Recent imaging studies in humans suggest similarities in the cortical activity accompanying CPM and MIA. La Cesa et al44 utilized functional magnetic resonance imaging and reported activity in several cortical structures in response to cold water hand immersion. These regions included medial areas of the postcentralgyrus bilaterally, the secondary somatosensory cortex (S2), posterior areas of the insular cortex, regions of the cingulate cortex and the cerebellum. Cortical activity has also been shown in other areas during CPM such as thalamus, medulla, amygdala,45 supplementary motor area, and prefrontal cortex.46 Previous research has also47 found that MIA is associated with immediate changes in functional cortical connectivity of S1, posterior insular cortex, posterior cingulate cortex, and the periaqueductal gray region in experimentally induced low back pain. Other brain areas such as S2, premotor, and supplementary areas, amygdala, insula, anterior cingulate cortex, thalamus,48 anterior cerebellum, and frontal cortex were also active during manual therapy.49 These data suggest that both CPM and MIA are mediated by similar cortical structures, which supports the hypothesis of overlapping cortical and descending neuronal networks being responsible for both forms of analgesia.

There is also evidence suggesting that CPM and MIA are mediated by serotonergic and noradrenergic neuronal networks. In a group with diabetic neuropathy CPM effect was improved in patients with less efficient CPM by the selective serotonin (5-hydroxytryptamine: 5-HT) and noradrenaline (NA) reuptake inhibitor, duloxetine.50 In a recent animal study blockade of α2-AR through α2-AR antagonists, spinal atipamezole, or subcutaneous yohimbine, abolished the CPM response in intact animals, but it was augmented in spinally injured animals after intrathecal administration of a norepinephrine-reuptake inhibitor, reboxetine, or systemic injection of the norepinephrine-reuptake inhibitor and μ-opioid receptor agonist, tapentadol.51 Some studies in humans have shown that CPM-induced analgesia is not affected by naloxone (an opioid antagonist)52–54 suggesting a nonopioid form of analgesia. However, other studies have demonstrated that naloxone partially45 or completely reverses CPM analgesia.55,56 Therefore, the current evidence on the involvement of opioid pathways in CPM analgesia is inconclusive.

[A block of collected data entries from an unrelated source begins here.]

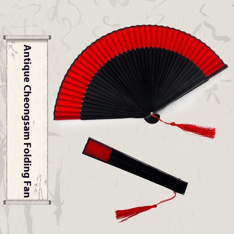 Abanico plegable de bambú de estilo chino para mujer para baile Hanfu Cheongsam Performance Easy Open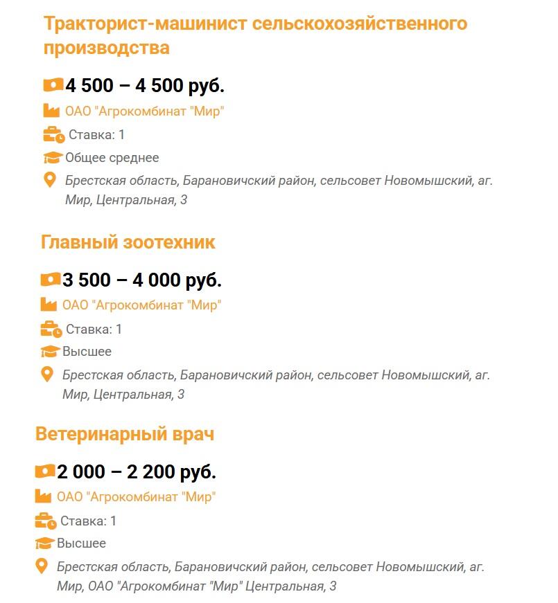 - ОАО «Агрокомбинат «Скидельский» предлагает главному ветеринарному врачу 2500–2600 рублей, а заместителю главного инженера — 2300–3000 рублей.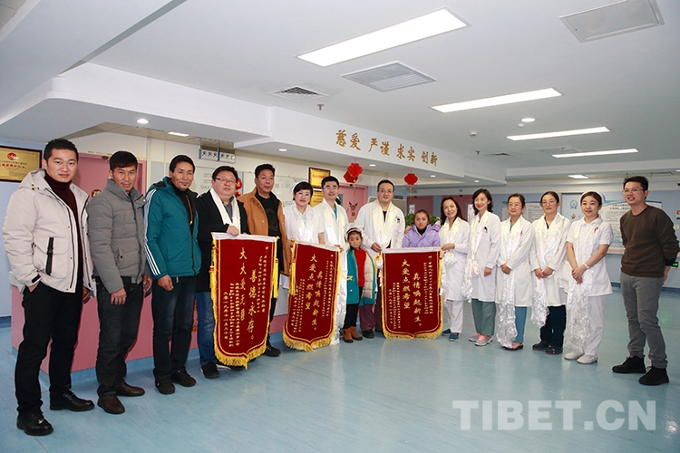 返鄉(xiāng)前,洛桑曲宗和次旦德吉在親屬和小學(xué)校長的帶領(lǐng)下來到兒研所,向醫(yī)護(hù)人員和共鑄中國心組委會的工作人員獻(xiàn)上了哈達(dá)和錦旗,表達(dá)感激之情。醫(yī)護(hù)人員也向兩個孩子贈送了書包等文具,鼓勵他們回校后好好學(xué)習(xí)。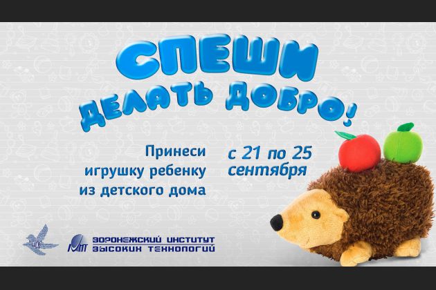 Дорогие друзья, с 21 по 25 сентября в Воронежском Институте Высоких Технологий будет проходить благотворительная акция "Спеши делать добро".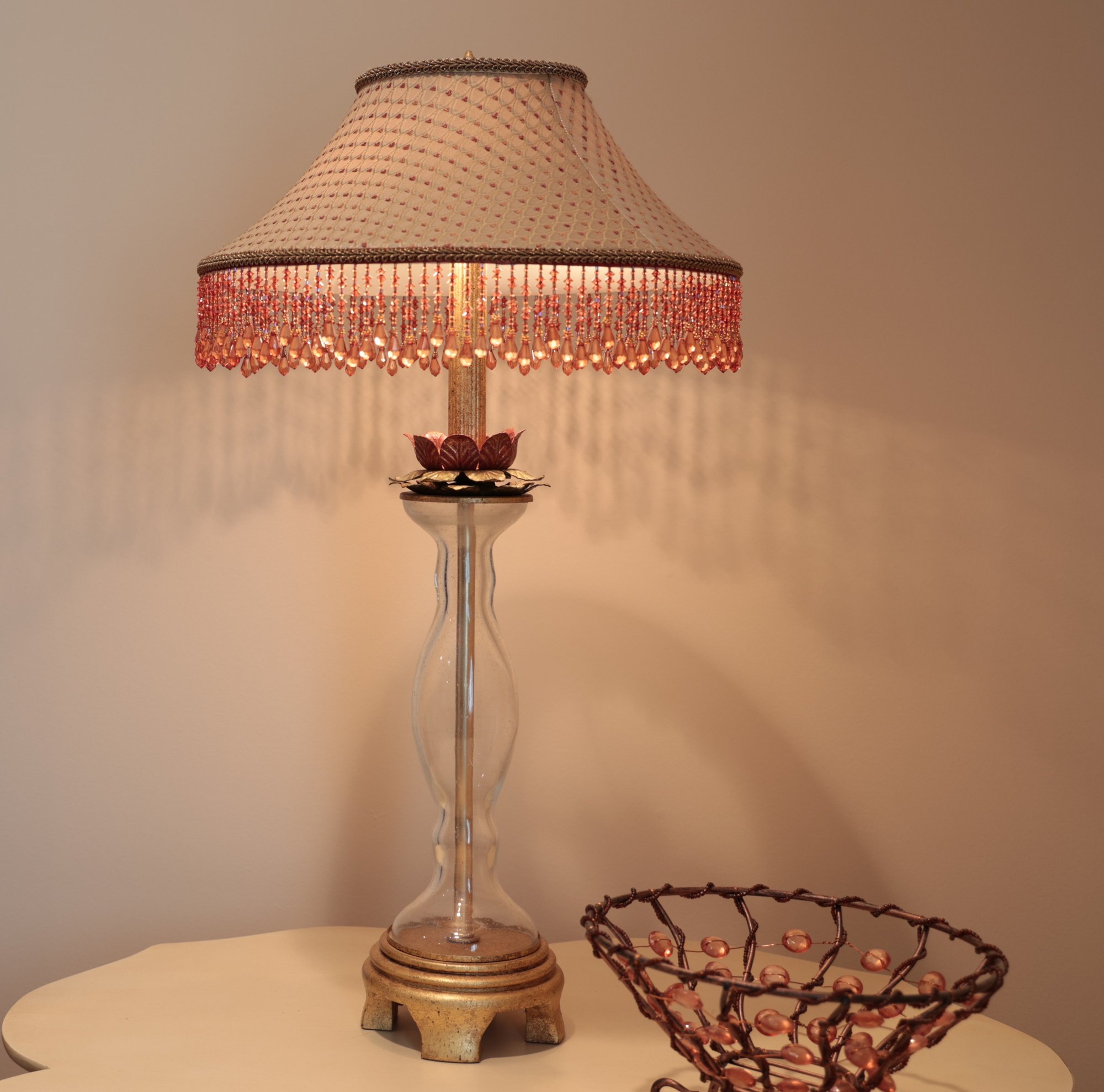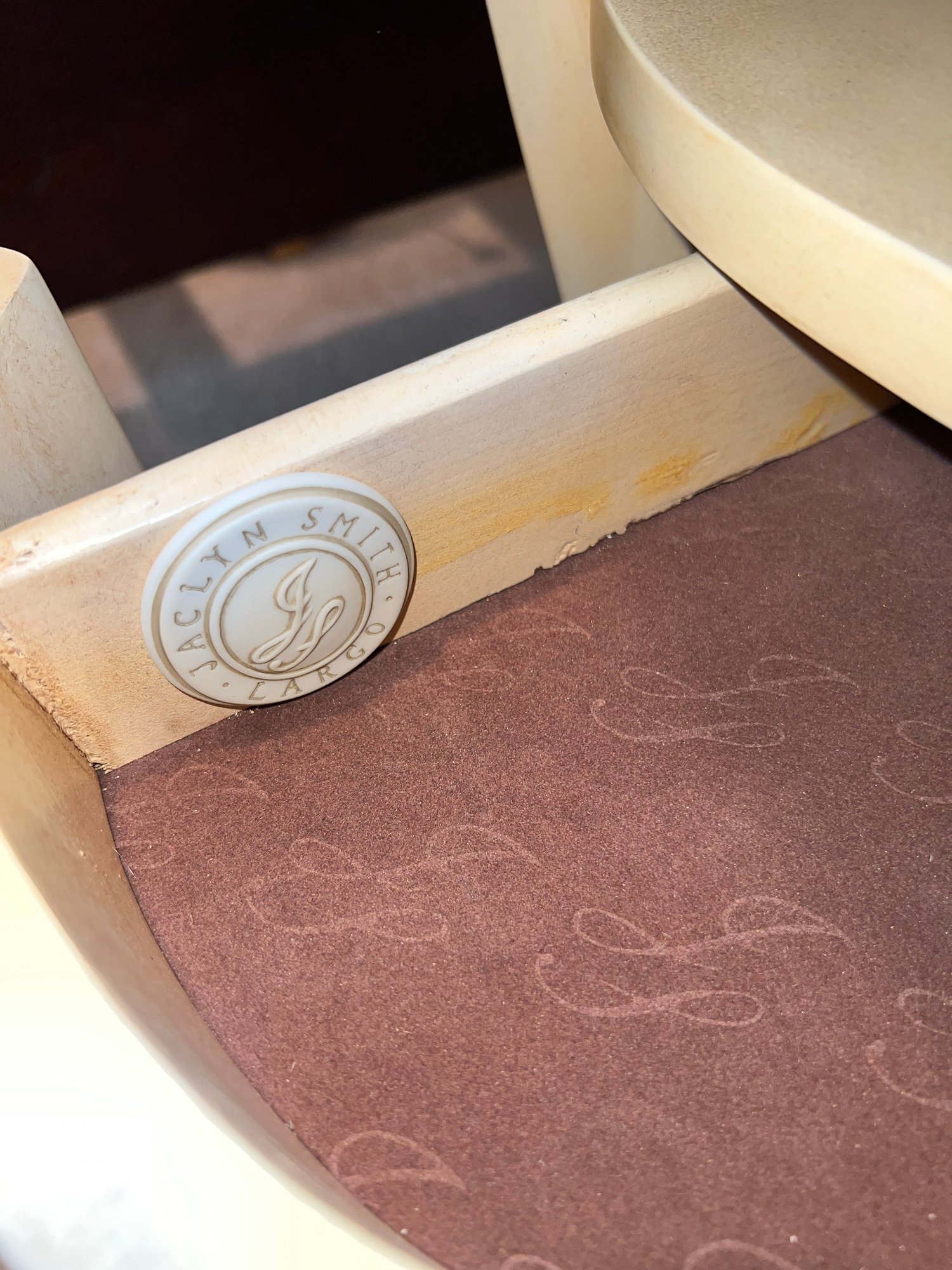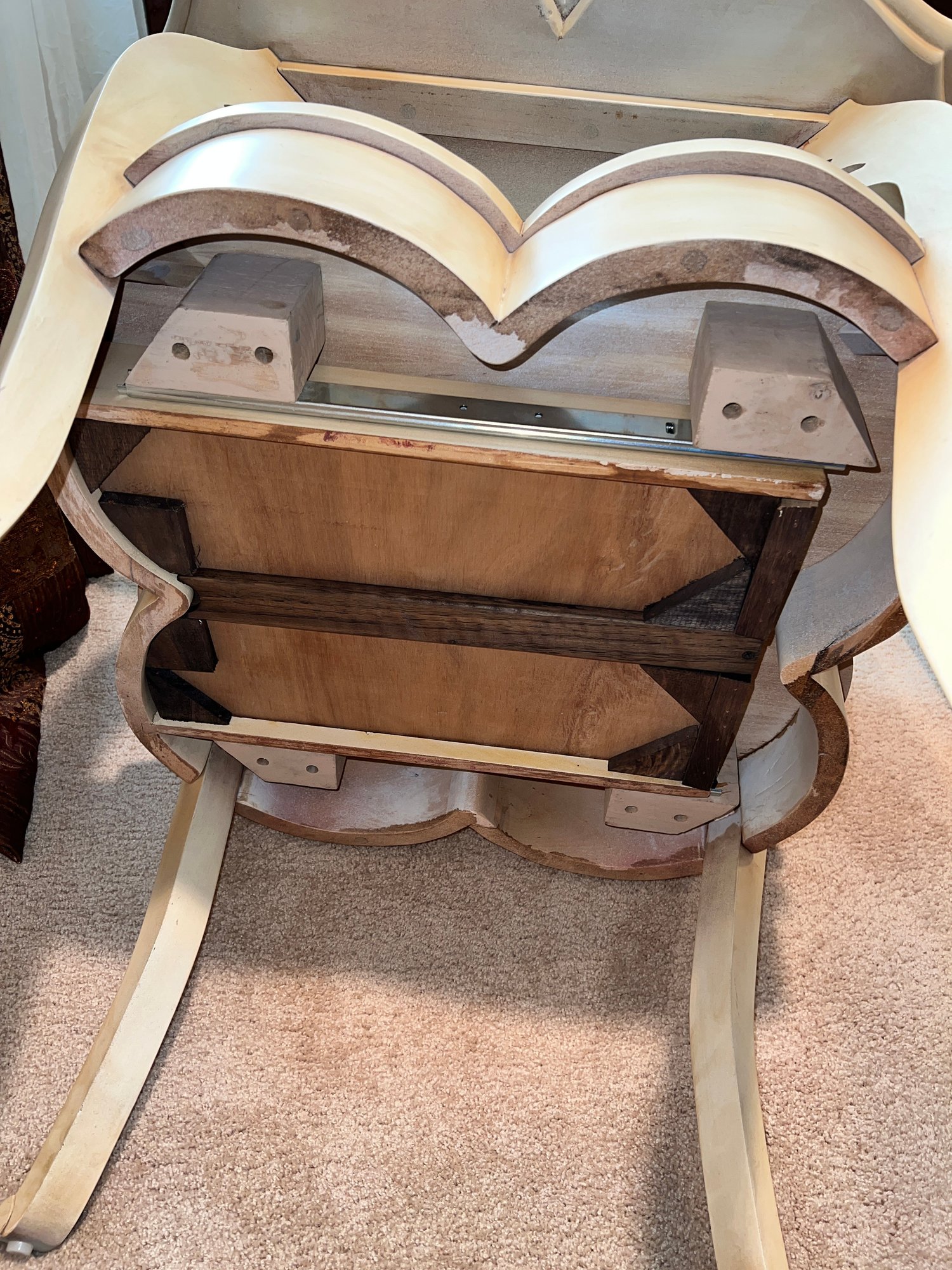 Jacyln Smith Table With Drawer with scalloped top and cabriole legs. Ivory color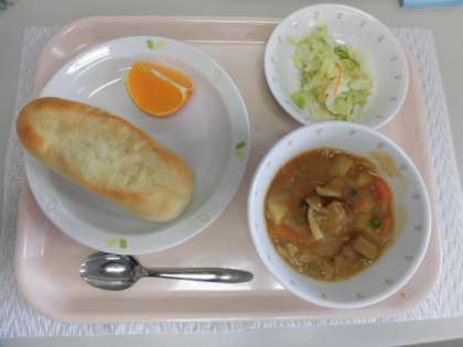ソフトフランスパン 牛乳 ポークときのこのシチュー キャベツサラダ くだもの(夢オレンジ)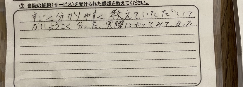 肩と肘の不調でお悩みの方からいただいた、施術の感想です。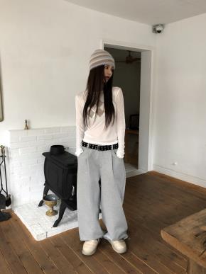 裏起毛ドローストリングピンタックポケットバックゴムワイドジョガーパンツトレーニング2WAY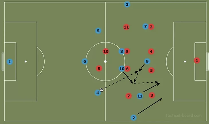 Выше показан набор пасов и движений, необходимых для завершения этой комбинации. Первое движение, которое запускает этот сценарий — нападающий слегка опускается, чтобы получить пас от центрального защитника. Вполне вероятно, что за номером девять может последовать центральный защитник, поэтому, как только он получит мяч, можно отдать пас вразрез. Если центральный защитник не выдвигается за нападающим, то сразу же после получения мяча нашим страйкером от центрального защитника номер десять должен переместиться в полуфланг, где есть пространство для получения передачи в касание от нападающего. Это быстрое движение номера десять должно позволить ему опередить своего опекуна, номера шесть, и принять пас в свободной зоне. Одновременно с этим крайний нападающий и вингбек должны совершить рывки за спину защитникам. Таким образом создается преимущество 2v1 против крайнего защитника. Это повышает вероятность того, что один из двух забежавших будет открыт для передачи от номера десять.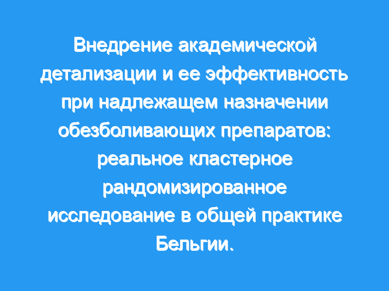 Национальное внедрение академической детализации в общей практике Бельгии, предоставленной компанией «Фармака», значительно улучшило долю рекомендуемых НПВП, назначаемых врачами общей практики, но не другие результаты, связанные с надлежащим назначением обезболивающих препаратов. Пробная регистрация: NCT01761864 . Зарегистрирован 2 января 2013 года.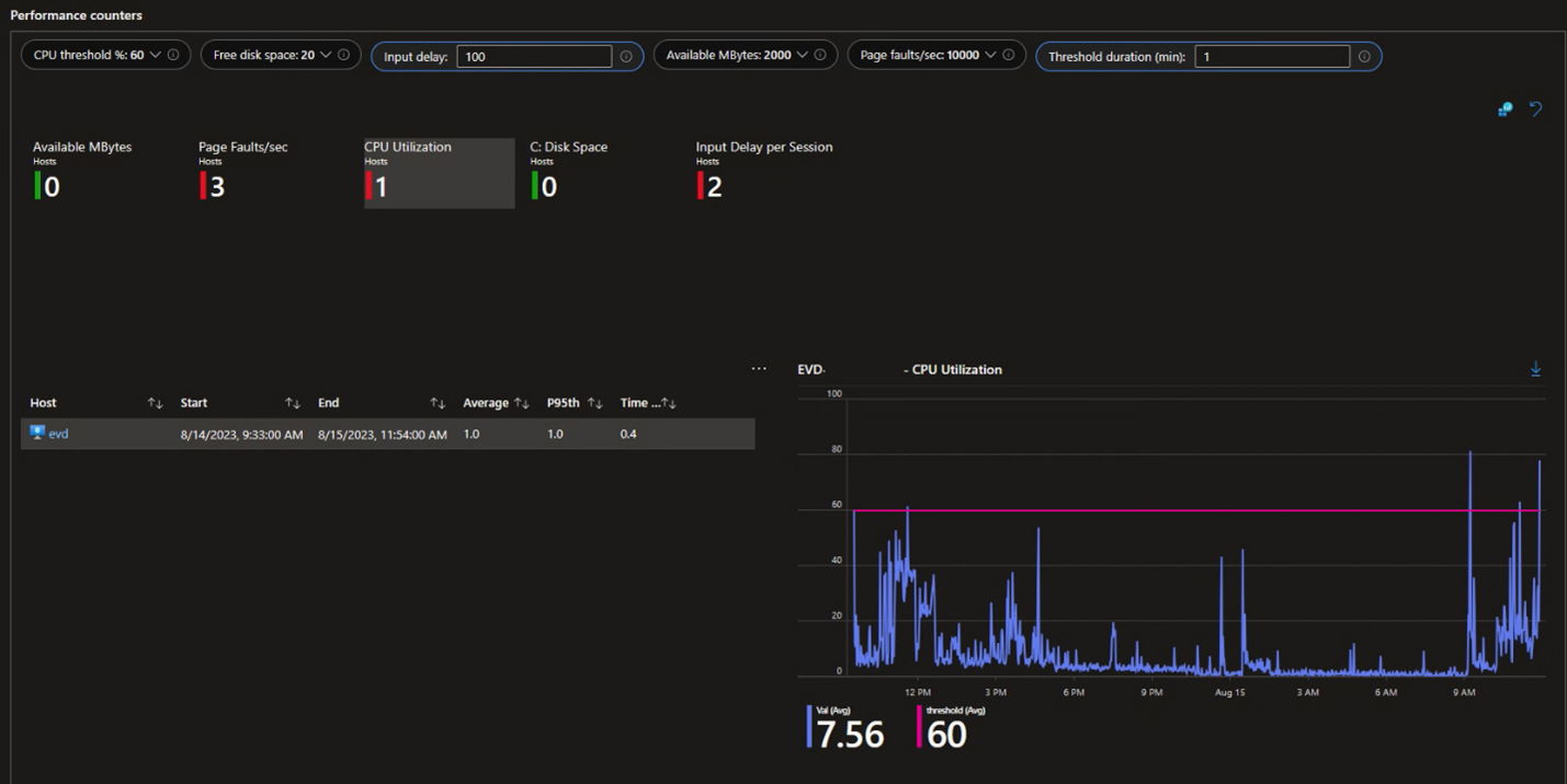 会话主机的问题(例如,会话主机的会话过多,无法应付最终用户正在运行的工作负载)可能是最终用户体验不佳的主要原因。 Azure 虚拟桌面见解可以提供有关资源利用率和用户输入延迟的详细信息,使你能够更轻松、更快速地查找用户是否受到 CPU 或内存等资源限制的影响。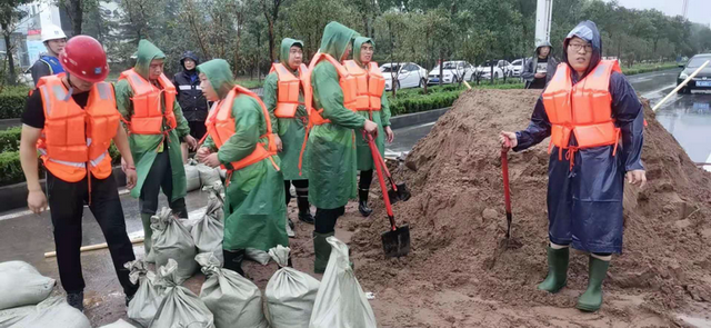 ▲因鹤壁部分乡镇河流存在决堤风险,鹤壁碧桂园凤凰湾项目组织工人,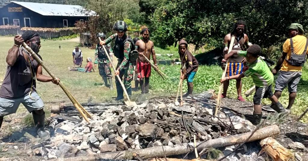 Tradisi Bakar Batu dari Papua bukan sekadar acara makan bersama, tetapi memiliki makna yang sangat dalam. Bagi suku-suku pegunungan seperti Dani, Lani, dan Mee, batu panas melambangkan kekuatan leluhur serta keteguhan hidup. Uap panas yang muncul dari lubang masak menjadi simbol kehangatan kebersamaan karena seluruh warga kampung, mulai dari yang tua hingga anak-anak, ikut terlibat. Semua proses dilakukan secara gotong royong dengan pembagian peran yang rapi, di mana laki-laki menyiapkan batu sementara perempuan mengolah makanan.

In contrast, in human studies, administration of naloxone does not block MIA,57–59 suggesting that nonopioid mechanisms are likely to be involved. In addition, a study in rats60 showed that knee joint mobilization decreased paw pressure hyperalgesia induced by joint inflammation. Utilizing this model, Skyba et al15 reported that intrathecal administration of the α2-AR antagonist, yohimbine, partially blocked and the 5-HT receptor antagonists, methysergide and NAN-190 completely blocked the analgesic effect of joint mobilization. They also showed that intrathecal administration of naloxone did not block the MIA response. They concluded that spinal serotonergic and noradrenergic receptors linked to descending serotonergic and noradrenergic neurons play a key role in mediating MIA. These data suggest that CPM and MIA involve activation of serotonergic and noradrenergic neurons in the central nervous system to mediate their effects. There appears to be some variation between the 2 forms of EA in terms of the degree to which the analgesic effect is blocked or reversed by naloxone. The finding of moderate positive correlations between CPM and MIA suggest that there would be considerable value in conducting further studies in a suitable animal model to determine similarities and differences in the neurophysiological mechanisms responsible for both forms of analgesia.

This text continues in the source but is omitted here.